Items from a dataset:
----------------------------------------

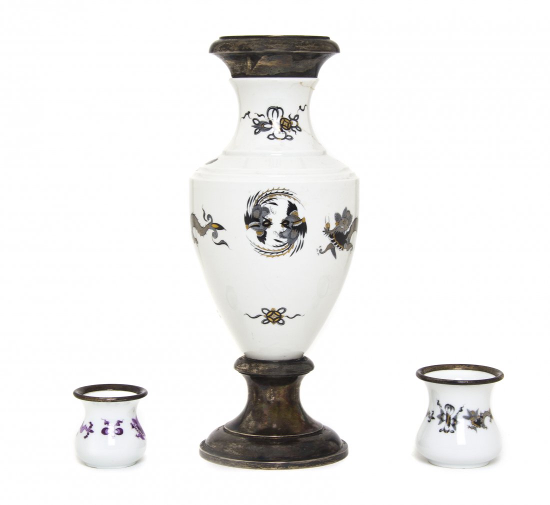 Three Meissen Porcelain Silver Mounted Articles, H
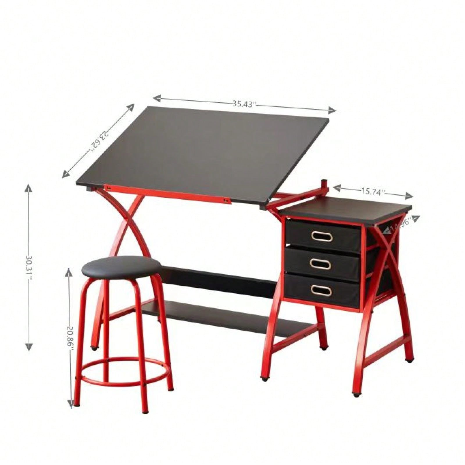 This drafting table in red comes with a stool for added comfort and convenience. Its adjustable desktop allows for easy customization, while the three storage drawers provide ample space for stationery and other items. The large desktop provides plenty of room for working on various projects. The crossed legs design ensures stability, making it a reliable option for artists and drafters alike.
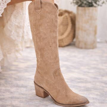 SOLD OUT - The Bailey | Apricot Embroidered Cowboy Bootie
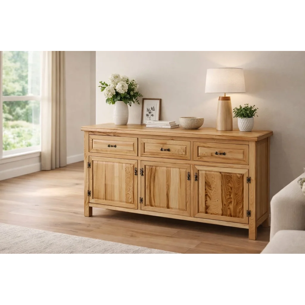 Masif kestane konsol, üst bölümdeki üç açık rafı ve alt bölümdeki üç kapaklı saklama alanıyla hem sergileme hem depolama ihtiyacını dengeli bir formda bir araya getirir. Doğal damar yapısı ve sıcak tonu sayesinde yaşam alanınıza zamansız ve güçlü bir karakter kazandırır.
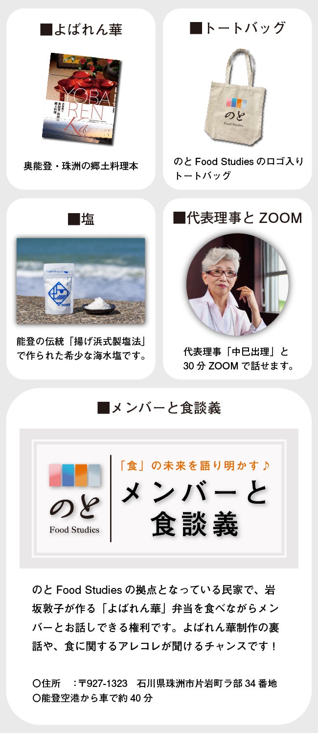 「よばれん華」の冊子以外にも、のとFood Studiesロゴが入った「トートバッグ」、奥能登珠洲で伝統技法によって作られる希少な「塩」、代表理事との「ZOOM対談」の権利、「メンバーと食談義」の権利といったさまざまなリターンが盛り沢山です。
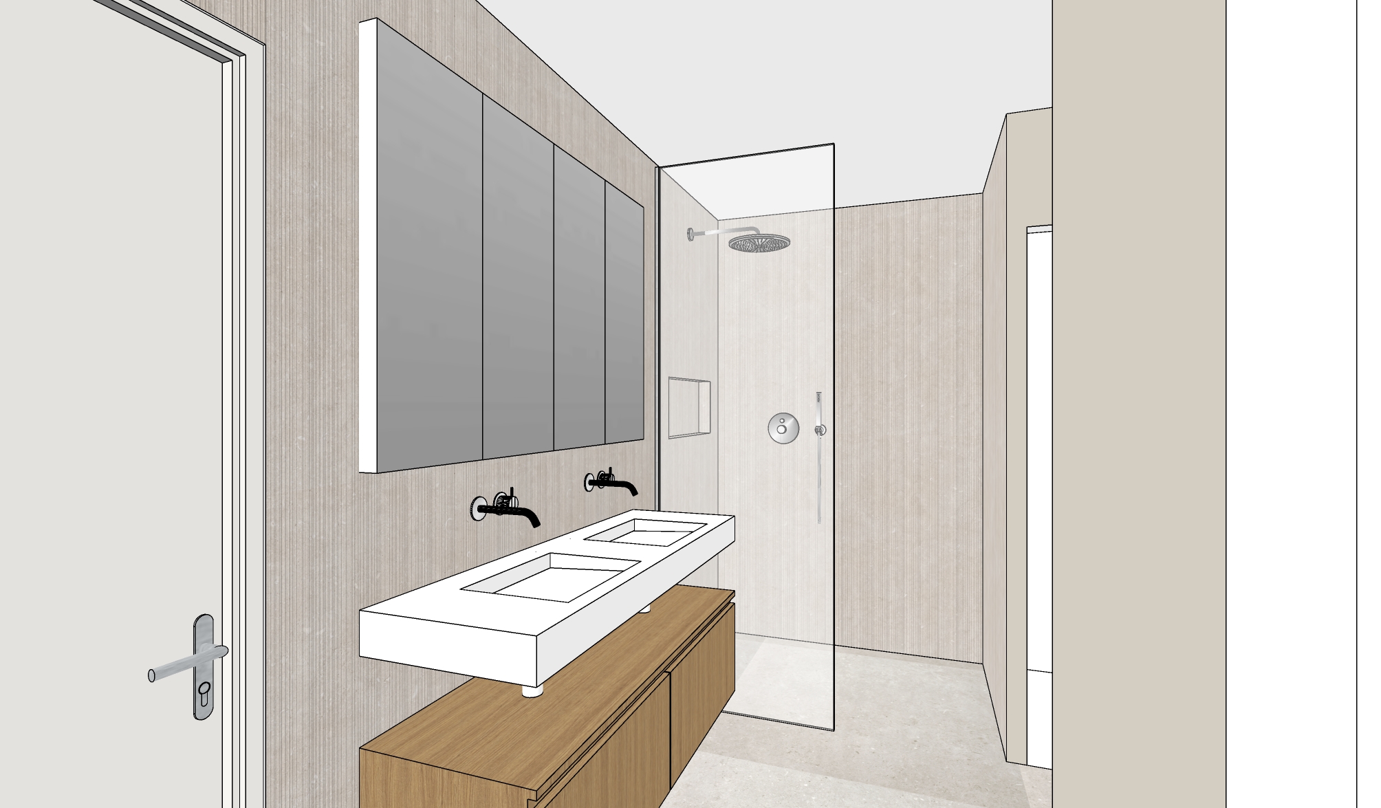 sol en travertin plan vasque en corian blanc mat meuble suspendu en bois de chene miroir paroi vitr e fa ence aux murs beige stri e
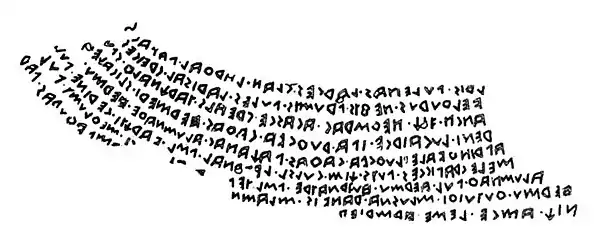 La mayoría de las palabras están separadas entre sí por un punto. Las excepciones son las secuencias de palabras IPA RUTHCVA en la línea 4 y APRINTHVALE LUTHCVA en la línea 5. AN CN no es seguro si es una palabra o dos. Después de una palabra al final de la línea, no hay ningún punto excepto para HERMU en la línea 5 y PUL en la línea 7. Las palabras SPU-RENI en la línea 3/4 y PAR-NICH en la línea 8/9 abarcan un salto de línea. Al principio, la letra A definitivamente falta en LRIS. Otras letras pueden faltar o estar mezcladas, p. Ej. B. en la última palabra HRMRIER, que a veces se lee como HERMERI.
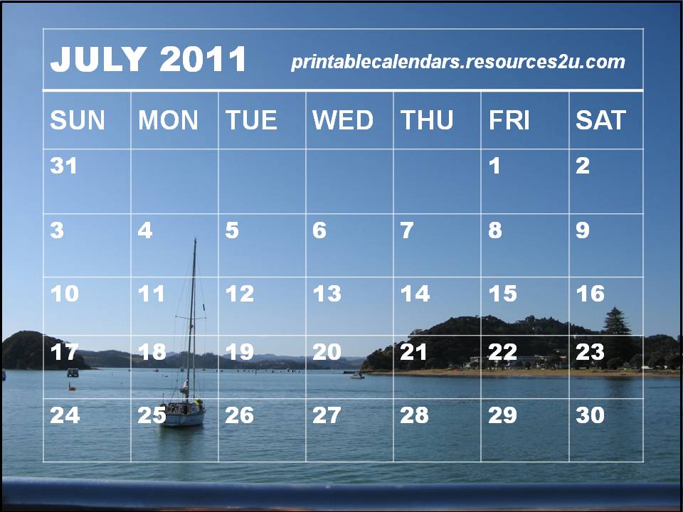 Free Calendars 2015, Bookmarks, Cards Big size July 2011 Calendar design
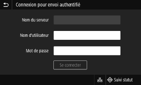 Lorsque l'envoi authentifié (authentification du serveur LDAP) est paramétré, l'écran de connexion pour l'envoi authentifié s'affiche lors des opérations de numérisation et de télécopie. Saisissez le nom d'utilisateur et le mot de passe gérés avec le serveur LDAP pour vous connecter.
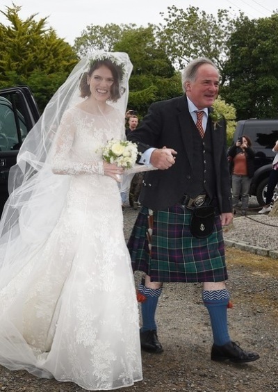 Свадьба Кита Харингтона и Роуз Лесли прошла в древнем шотландском замке, а гостями стали не только близкие и друзья, но и многочисленные коллеги по сериалу. Пока официальных фотографий со свадьбы нет, но в сети быстро распространились любительские кадры. Роуз выбрала платье цвета айвори с длинными рукавами, которое было украшено цветочными аппликациями и нежным кружевом. Образ дополнял букет из белых роз. К алтарю невесту сопровождал ее отец – Себастьян Лесли, который облачился в национальную шотландскую одежду. О помолвке пара сообщила еще в сентябре 2017 года, дав объявление в британской газете «The Times», как и положено согласно традициям.
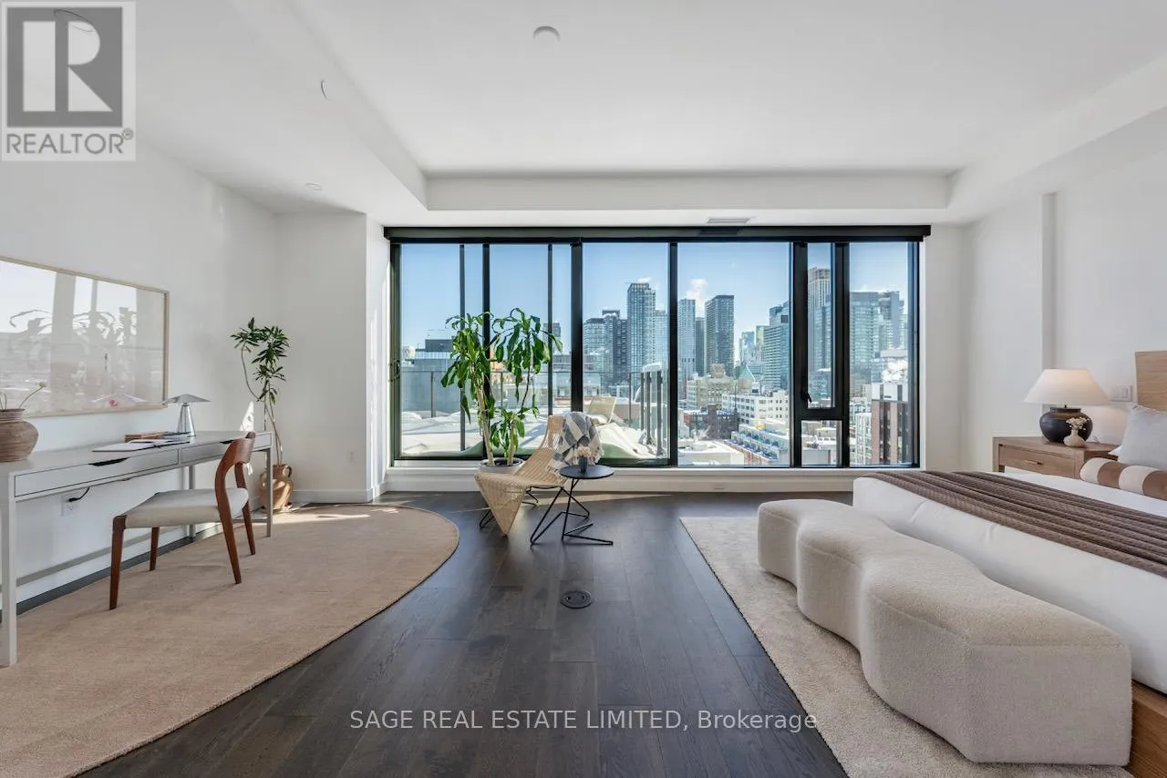 The easy flow from the kitchen to the dining and living rooms add to the relaxed vibe. Host a balcony BBQ while watching summer sunsets. Lounge about in the expansive bedroom suite. Meticulously designed Custom Closet Built-Ins throughout offer exceptional storage while keeping the space organized and liveable. Another added bonus is the desirable split bedroom floor plan combined with the privacy of no buildings peering in. Unobstructed views for miles! The 2nd bedroom; ensuite and walk-in closet are ideal for an office, den, guest or kid's suite. An exceptional suite where light, space and calm come together. (id:27476)

----------------------------------------

WHAT IS REQUIRED: Each entry, start to finish, goes into your copy exactly; the pictures stay out.

FINISHED TASK:
 Three Meissen Porcelain Silver Mounted Articles, H
 This drafting table in red comes with a stool for added comfort and convenience. Its adjustable desktop allows for easy customization, while the three storage drawers provide ample space for stationery and other items. The large desktop provides plenty of room for working on various projects. The crossed legs design ensures stability, making it a reliable option for artists and drafters alike.
 SOLD OUT - The Bailey | Apricot Embroidered Cowboy Bootie
 Masif kestane konsol, üst bölümdeki üç açık rafı ve alt bölümdeki üç kapaklı saklama alanıyla hem sergileme hem depolama ihtiyacını dengeli bir formda bir araya getirir. Doğal damar yapısı ve sıcak tonu sayesinde yaşam alanınıza zamansız ve güçlü bir karakter kazandırır.
 「よばれん華」の冊子以外にも、のとFood Studiesロゴが入った「トートバッグ」、奥能登珠洲で伝統技法によって作られる希少な「塩」、代表理事との「ZOOM対談」の権利、「メンバーと食談義」の権利といったさまざまなリターンが盛り沢山です。
 sol en travertin plan vasque en corian blanc mat meuble suspendu en bois de chene miroir paroi vitr e fa ence aux murs beige stri e
 La mayoría de las palabras están separadas entre sí por un punto. Las excepciones son las secuencias de palabras IPA RUTHCVA en la línea 4 y APRINTHVALE LUTHCVA en la línea 5. AN CN no es seguro si es una palabra o dos. Después de una palabra al final de la línea, no hay ningún punto excepto para HERMU en la línea 5 y PUL en la línea 7. Las palabras SPU-RENI en la línea 3/4 y PAR-NICH en la línea 8/9 abarcan un salto de línea. Al principio, la letra A definitivamente falta en LRIS. Otras letras pueden faltar o estar mezcladas, p. Ej. B. en la última palabra HRMRIER, que a veces se lee como HERMERI.
 Free Calendars 2015, Bookmarks, Cards Big size July 2011 Calendar design
 Lorsque l'envoi authentifié (authentification du serveur LDAP) est paramétré, l'écran de connexion pour l'envoi authentifié s'affiche lors des opérations de numérisation et de télécopie. Saisissez le nom d'utilisateur et le mot de passe gérés avec le serveur LDAP pour vous connecter.
 Свадьба Кита Харингтона и Роуз Лесли прошла в древнем шотландском замке, а гостями стали не только близкие и друзья, но и многочисленные коллеги по сериалу. Пока официальных фотографий со свадьбы нет, но в сети быстро распространились любительские кадры. Роуз выбрала платье цвета айвори с длинными рукавами, которое было украшено цветочными аппликациями и нежным кружевом. Образ дополнял букет из белых роз. К алтарю невесту сопровождал ее отец – Себастьян Лесли, который облачился в национальную шотландскую одежду. О помолвке пара сообщила еще в сентябре 2017 года, дав объявление в британской газете «The Times», как и положено согласно традициям.
 The easy flow from the kitchen to the dining and living rooms add to the relaxed vibe. Host a balcony BBQ while watching summer sunsets. Lounge about in the expansive bedroom suite. Meticulously designed Custom Closet Built-Ins throughout offer exceptional storage while keeping the space organized and liveable. Another added bonus is the desirable split bedroom floor plan combined with the privacy of no buildings peering in. Unobstructed views for miles! The 2nd bedroom; ensuite and walk-in closet are ideal for an office, den, guest or kid's suite. An exceptional suite where light, space and calm come together. (id:27476)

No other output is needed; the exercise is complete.